This article is the user manual on creating writers in Calabash GUI.
A writer is a real-time process that writes data from a Kafka topic to persistent media. The writings happen as soon as the records appear in the Kafka topic.
Saving data from the data lake to persistent media usually means you have reached a significant milestone where the data have become clean enough. As such, a Calabash writer writes data in a strictly structural way:
- You will need to define a source schema.
- You will need to define a target schema, e.g., DBC table, Google Bigquery table, etc.
- You will need to define schema mappings which are the mappings between source fields and target fields.
In short, the writer will keep the output structured.

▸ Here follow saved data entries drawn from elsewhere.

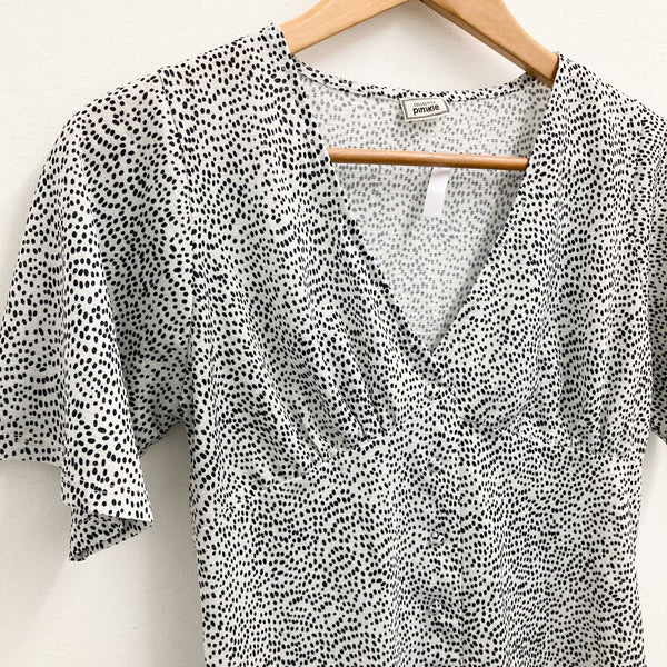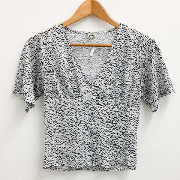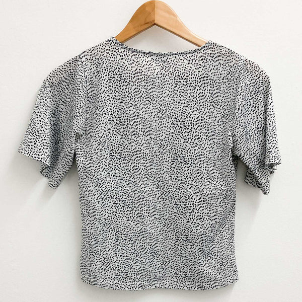 Pimkie White & Black Spot Print Top UK S Key Features Include: - Wrap v-neck - Short flutter sleeves - Decorative button front Used, excellent condition, no obvious flaws.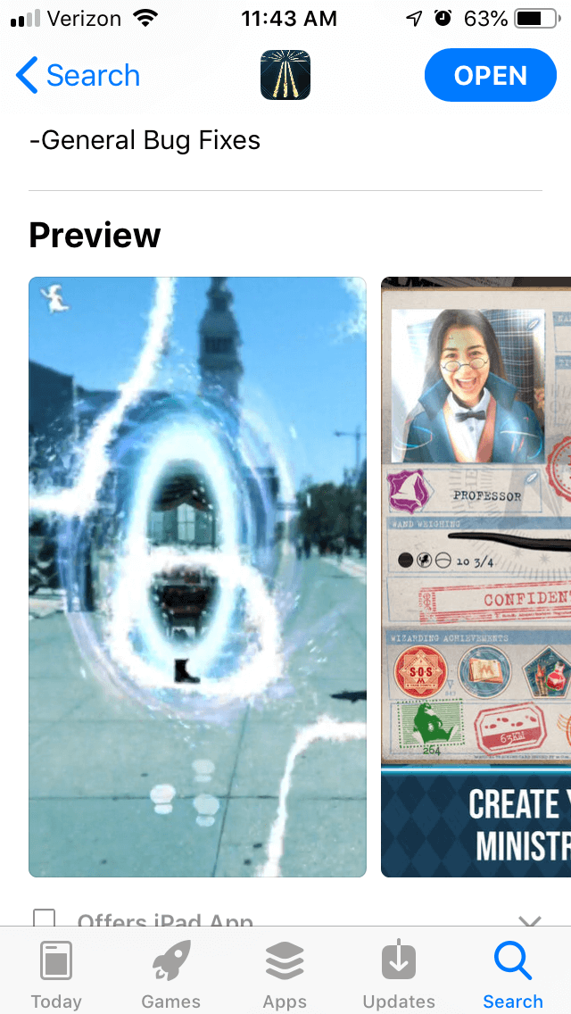 However, as it is new, there are many terms it still does not rank for. The app does not yet appear in searches for “Magic,” “Augmented Reality” or “Cast Spells.”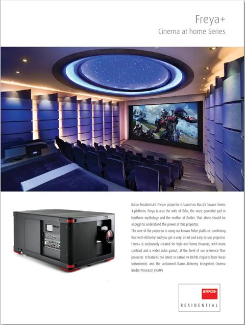 Freya+ is exclusively created for high-end home theaters, with more contrast and a wider color gamut, at the level of our reference Thor projector. It features the latest in native 4K DLP® chipsets from Texas Instruments and the acclaimed Barco Alchemy ICMP (Integrated Cinema Media Processor).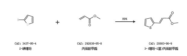 1.通過2-碘噻吩和丙烯酸甲酯合成3-(噻吩-2基)丙烯酸甲酯,收率約89%;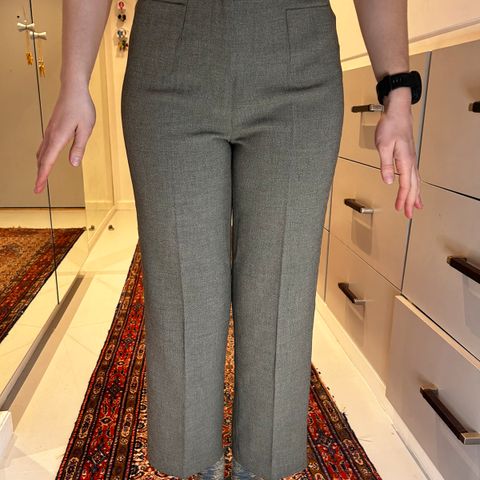 Gerry Weber bukser i størrelse M for kvinner, i grønn farge. Materialet er ull. buksen har et belte som følger med.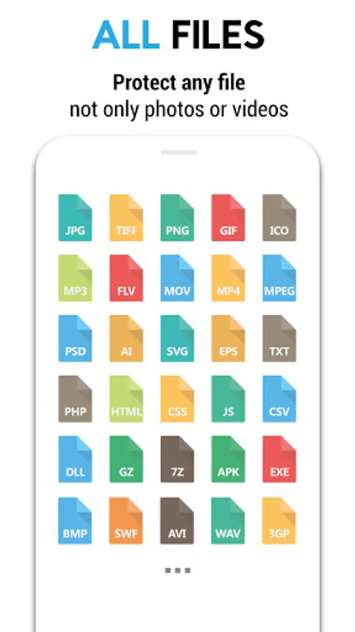 Files that you import to Privary are fully hidden and securely locked with your private password, pin or fingerprint. Nobody except you can see your hidden files!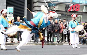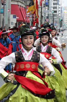 朝鮮通信使が出演したのは08年についで2回目。この日は、釜山の(社)朝鮮通信使文化事業会のメンバー約50人に民団東京管内各支部の役員や団員約100人が加わり、正使の輿行列にサムルノリや、楽隊が連なって沿道の人々を魅了した。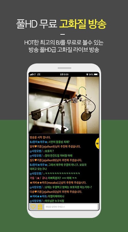 - 실시간으로 채팅을 통하여 방송중 방송자 BJ 와 소통이 가능합니다.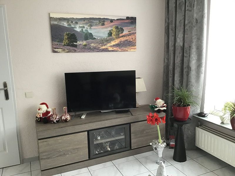 Les œuvres de la collection Posbank sont particulièrement appréciées en format paysage, idéal pour capter l'étendue des paysages de bruyère et la lumière douce des levers de soleil. Ce format horizontal convient bien au-dessus d'un canapé, d'une commode ou d'un lit, où il structure l'espace sans le surcharger. Vous pouvez aussi opter pour un format carré si vous souhaitez créer une composition symétrique sur un mur étroit. Le format debout fonctionne dans un couloir ou à côté d'une porte, là où la hauteur met en valeur les détails.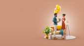 wesoły Azji kobieta siedzi na fotel w pobliżu modny mężczyzna i przezroczysty parasol na szary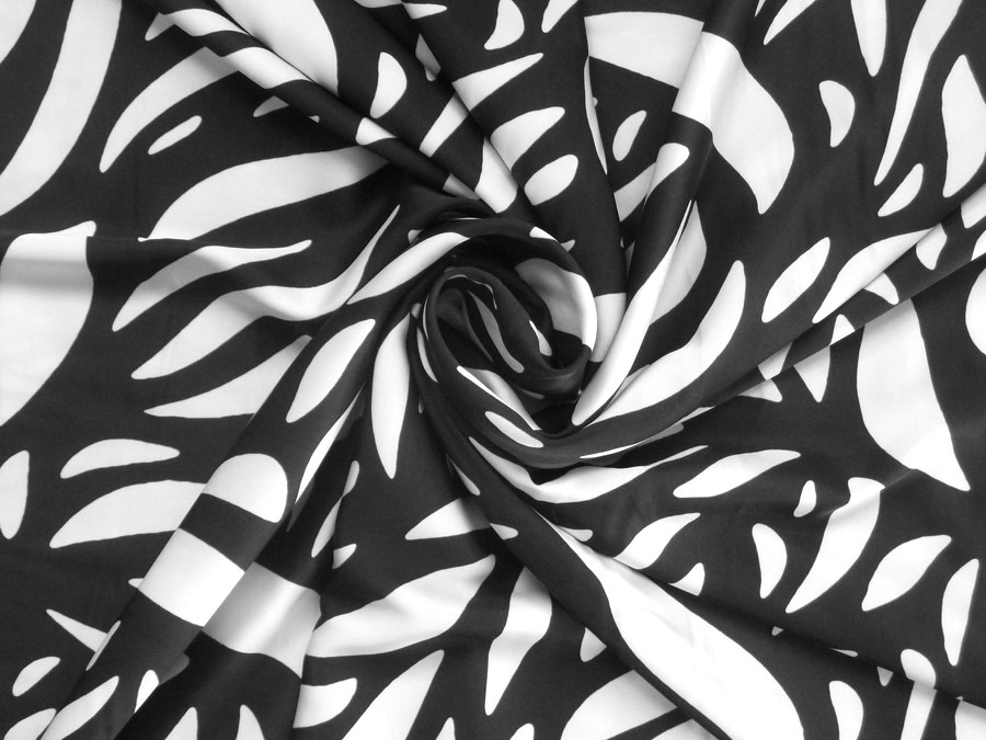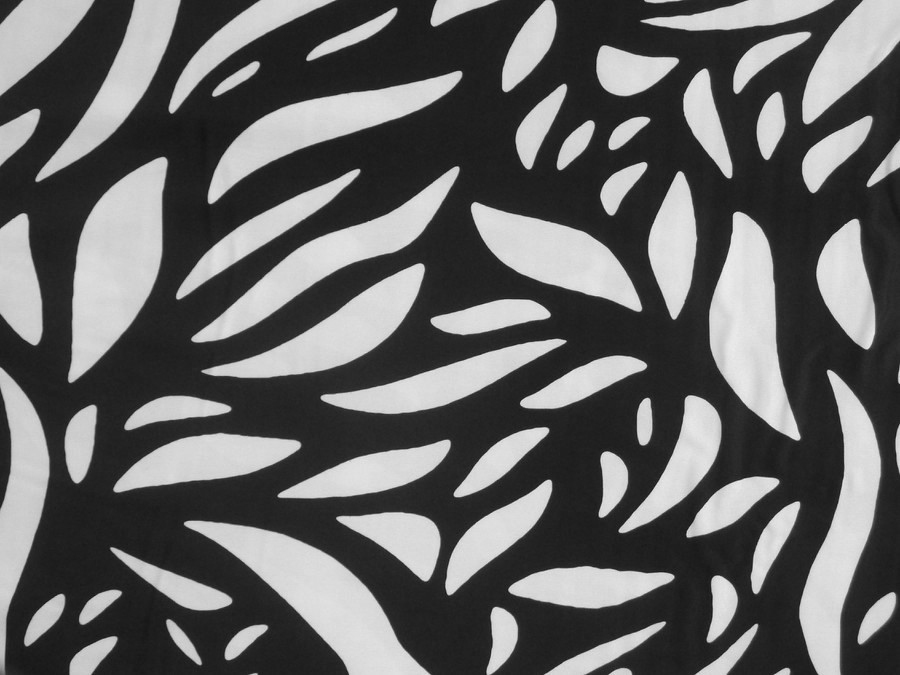 Tato černá hedvábná šatovka má bílý vzor s listy. Barevná kombinace dodává látce luxusní a nadčasový vzhled. Je splývavá a příjemná na nošení. Je vhodná na šaty, sukně, košile, halenky apod. lze kombinovat s jednobarevným materiálem ART 8240.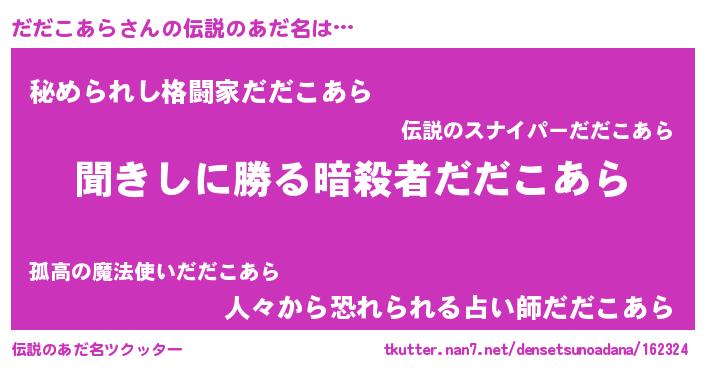 | 男性向けラノベタイトル風あだ名 | 『だだこあらという概念が存在しない退屈な世界 』 |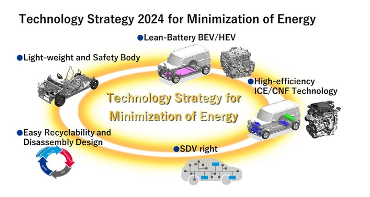 Nel 2023, Suzuki ha sviluppato un motore ad alta efficienza (il Motore Z12E) che ha come obiettivo il miglioramento della combustione, che è il fulcro dei motori a combustione interna, raggiungendo un’efficienza termica massima del 40%. In futuro, questo motore ad alta efficienza sarà esteso a livello globale e Suzuki cercherà di minimizzare il consumo di energia tramite carburanti a zero emissioni e ibridi di nuova generazione. Nell’ambito del Software Defined Vehicle (SDV), Suzuki svilupperà e fornirà ai clienti “SDV right”, un sistema conveniente che crea valore per i veicoli integrando la riduzione dell’energia con l’approccio “Sho-Sho-Kei-Tan-Bi” (compatto, meno numeroso, leggero, minimale, bello).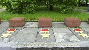 - Декоративні елементи у вигляді гранітних плит розміром 0,8 х 0,8 х 0,6 метра (13 штук) з назвами міст—героїв і зображенням зірки Героя Радянського Союзу утворюють дві алеї — праворуч і ліворуч. По центру кожної з алей встановлені металеві колби із землею з відповідних міст-героїв. Напис свідчить: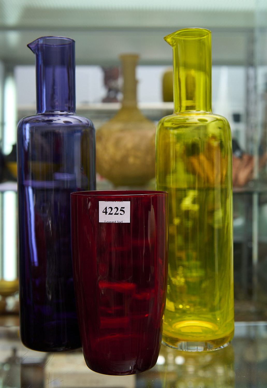 THREE HAND BLOWN COLOURED GLASS VESSELS H.30CM (TALLEST), LEONARD JOEL LOCAL DELIVERY SIZE: MEDIUM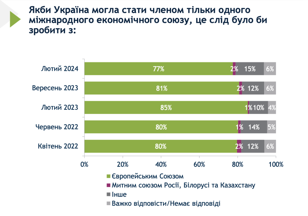 Jednak liczba respondentów, którzy uważają, że Ukraina powinna stać się członkiem UE, maleje. W szczególności w lutym 2024 r. 77% Ukraińców uważa, że nasz kraj powinien być członkiem Unii Europejskiej. To o 8% mniej niż w lutym 2023 roku.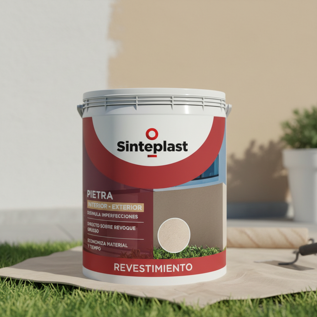 Revestimiento decorativo acrílico, de acabado similar a la piedra natural. Producto elástico y resistente a la intemperie que aplicado en alto espesor protege y decora, sustituyendo al sistema tradicional de revoque fino más pintura. Indicado para interiores y exteriores tanto en obras nuevas como en refacciones.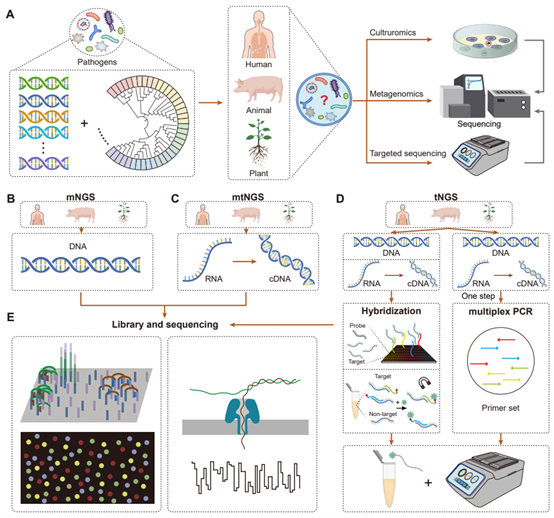 高通量测序技术正在革新病原体监测与诊断方法。通过全基因组测序(WGS)、宏基因组测序(mNGS)、宏转录组测序(mtNGS)以及靶向测序,研究者可以在单一实验中同时获取宿主与微生物的完整信息,实现复杂样本中多种病原体的快速识别。宏基因组和宏转录组测序能够无偏倚地检测已知和未知病原体,同时揭示微生物的活跃状态和群落功能特征,为临床感染、动物疫病以及植物病害的早期诊断提供新手段。靶向测序则通过聚焦特定基因或区域,实现低成本、高灵敏度的病原体鉴定,尤其适用于低丰度或混合感染样本。高通量测序技术的多样化应用,使病原体检测从单一物种识别升级为系统化、多层次的精准监测,为全球公共卫生与粮食安全提供坚实技术支撑。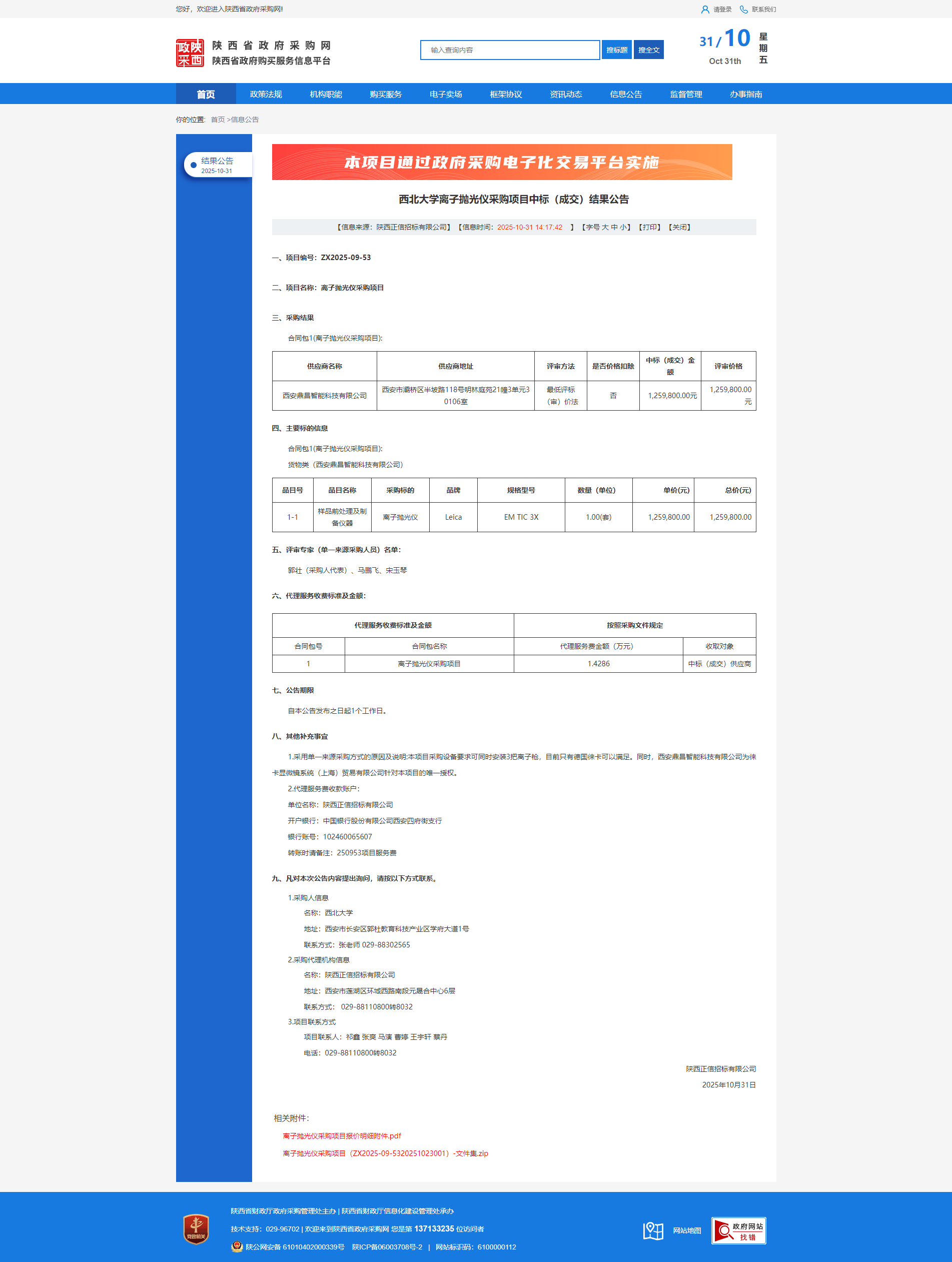 西北大学离子抛光仪采购项目中标(成交)结果公告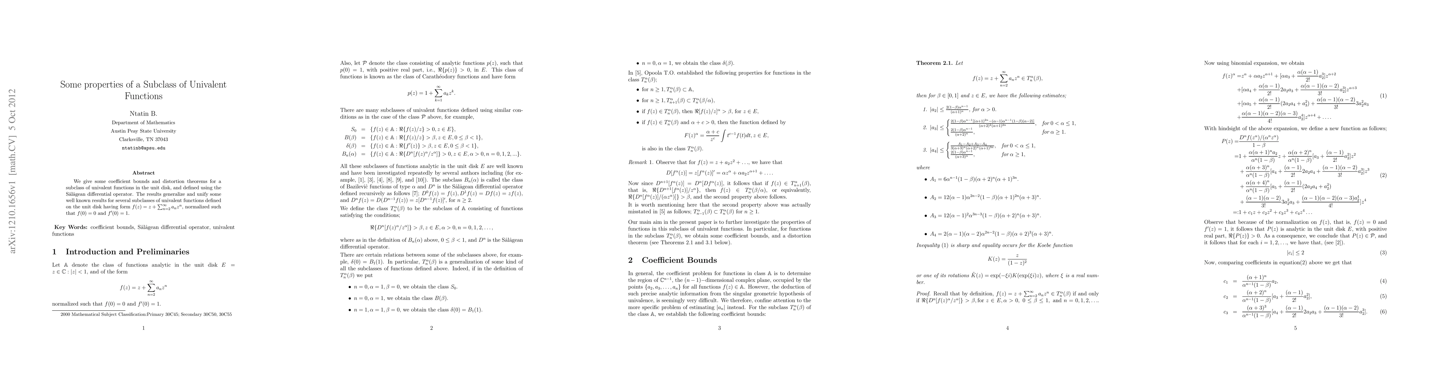 We give some coefficient bounds and distortion theorems for a subclass of univalent functions in the unit disk, and defined using the S\^{a}l\^{a}gean differential operator. The results generalize and unify some well known results for several subclasses of univalent functions defined on the unit disk having form $f(z)=z+\sum_{n=2}^{\infty}a_nz^n$, normalized such that $f(0)=0$ and $f^\prime(0)=1$.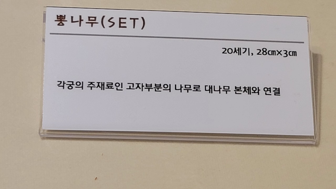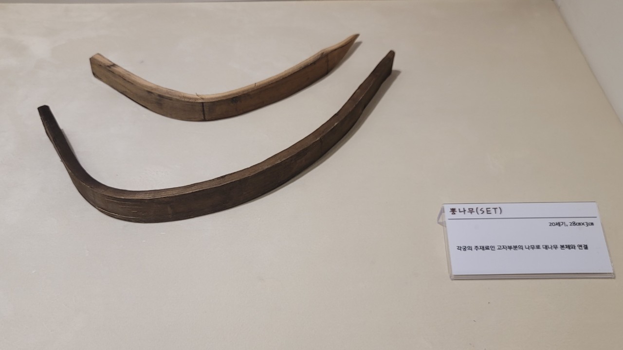 각궁의 주재료인 고자부분의 나무로 대나무 본체와 연결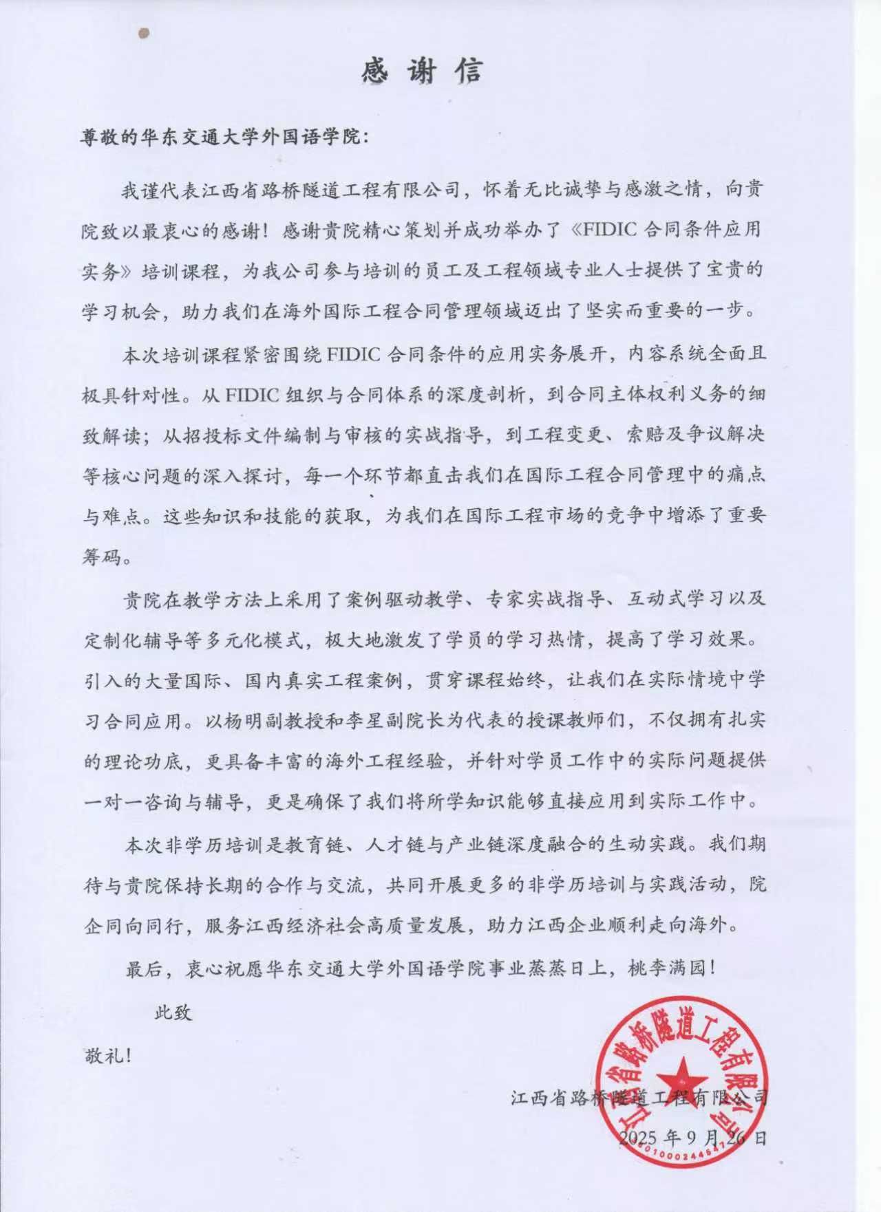 本次培训获得江西省路桥隧道工程有限公司的一致认可,江西省路桥隧道工程有限公司特发来感谢信。
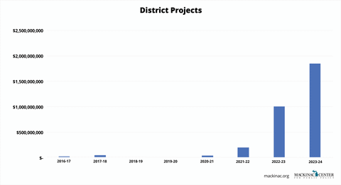 The large number of district projects tells us that elected officials are behaving badly. One way to encourage better behavior is to expect them to practice restraint. Under a Sustainable Michigan Budget limit, the budget grows at no more than the inflation rate plus the population growth rate. This would ensure there’s not a lot of extra money sitting around to be used for district grants.

Depending on the nature of the target, there are several different types of writers in Calabash. In the create writer form, click on the combo box “Target type,” you can see all currently supported writer types in the drop-down list.
All these writers are Kafka sink connectors. To use these writers, you must deploy a Kafka system with Kafka-Connect enabled.
1. Define Data Source
Next, you need to define the source. It includes selecting the Kafka system, specifying the source topic, and defining the source record schema. The following is a screenshot of all these.
Internally, records in a topic are in the form of the serialized JSON string. The Writer will try to deserialize them based on the above schema. If deserialization hits any issue, there will be a runtime exception. You need to make sure the source schema above accurately describes the source to avoid unnecessary runtime exceptions.
2. Define Output Record Schema
The output record is not a key-value pair as in Kafka topics. So you only need to define one record schema.
Click on the blue plus sign to display the field editor, enter the field name, and set its data type. Each output field needs an expression to map it to the source. See below.
You can map an output field to any source field or the serialized key or value (represented, respectively, by “key” and “value” in the drop-down list). You can map the same source field to multiple output fields, and it is also ok to leave some source fields unused.
The data type of the expression must be convertible to the target data type you set above. For example, it is ok to convert from int to string. It is also ok to convert from a string of digits to int. But it will fail in runtime to convert a string containing special characters to int. There will be a runtime exception if data type conversion fails.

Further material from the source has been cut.